Deep sea routes or just changes in the weather make the sea containers sweat. The moisture is absorbed into the cardboard. Even the smallest amount of moisture absorbed will affect the strength of corrugated cases. To avoid this, a plywood or timber case will retain its strength way beyond even the longest transportation route.

We are losing a lot of money through theft during transportation - do you have any suggestions?
 
We have replaced cardboard boxes with plywood boxes for several of our customers. Plywood is much more secure as all parts can be designed to lock into place and be either nailed or screwed shut.

We use triple-wall corrugated containers and have been subject to price rises way ahead of inflation.

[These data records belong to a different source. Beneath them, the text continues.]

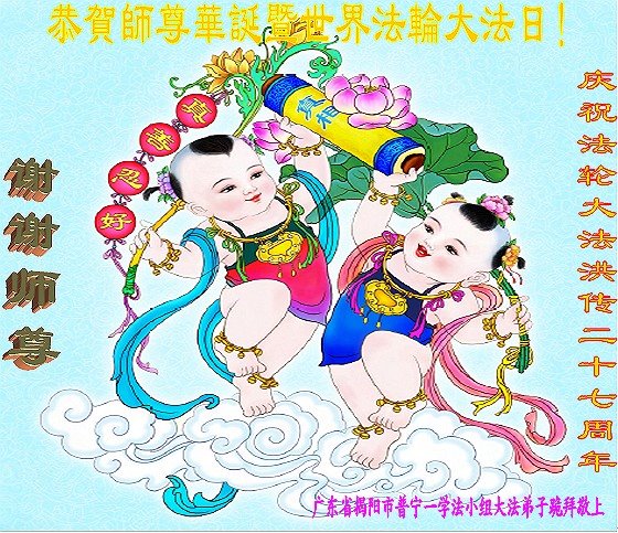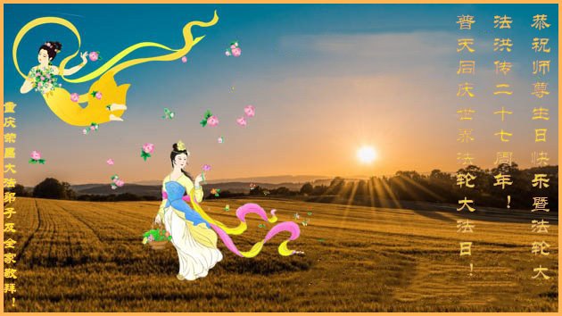 在普天同庆世界法轮大法日暨师尊传法二十七周年纪念日之际,我们学法小组全体大法弟子恭祝慈悲伟大的师尊生日快乐!谢谢师父的苦度,在正法的最后的时刻,牢记师父的教诲,多学法、向内找,做好三件事,多救人,完成使命,一定跟师父回家。
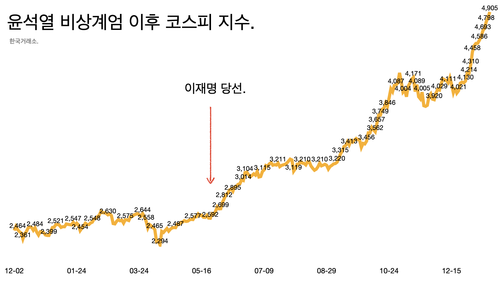 - 코스피 지수가 4904.66을 찍었다.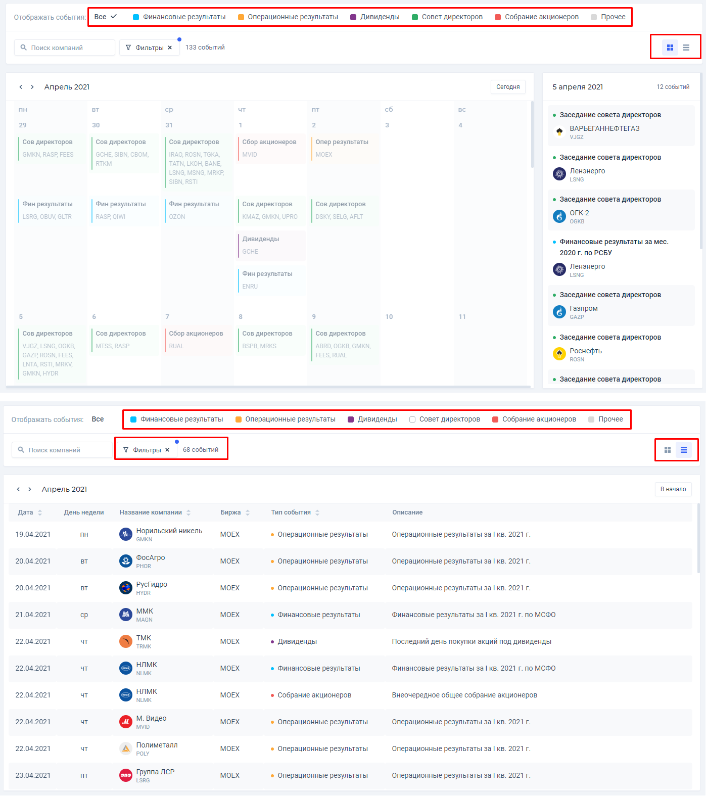 Отслеживать предстоящие и прошедшие события, которые могут повлиять на движение акций. Для более удобного использования мы сделали для вас фильтрацию по корпоративным событиям, компаниям, биржам, секторам и отраслям.

Is there an alternative I can use?
 
Yes, our wirebound container can be made from several materials and thicknesses taking into account the strength required and target price factors. Plywood and OSB are much more price-stable materials than cardboard, as a result the wirebound container will save you money and give you a stronger case.

Our product is being damaged inside the box during transit. Can you design internal fittings to stop this happening?
 
We have never met a product that is too heavy or too awkward to design internal fittings for. Our design and development dept we have two full time designers and between them they have over 30 years experience in finding the best solutions, keeping your products safe and secure. 

My product is very heavy and I need to load the pallets and then put the box around it. What can you offer me?
 
Our wirebound container can be made in several forms. All allow for you to place your product on the pallet and build the case around it. This is far easier and less prone to damage than dropping a complete sleeve over the top.

Our products are packed and unpacked at several stages during the production process. What is the most cost effective packaging system?
 
We have several systems we can offer you - the metal edge case offers you a drop down front to allow easier access for light parts. If the parts are heavier the wirebound offers a gate front or complete removal front while your product is still on the pallet. If you want to have a fully re-usable system we again have several sizes we can offer that will last 50 trips or more.

We need cases that are non-standard sizes. Do you make them?

Yes. The vast majority of our cases are non-standard, designed to suit our customers' products.

Our warehouse doesn't have racking. My current packaging will only stack three high, but I have the space to stack five. Can you help?
 
Plywood boxes in 6 or 8mm will give you the capability to do this, but make sure you have the correct fork-lift facility to ensure safe handling of heavy boxes at this height.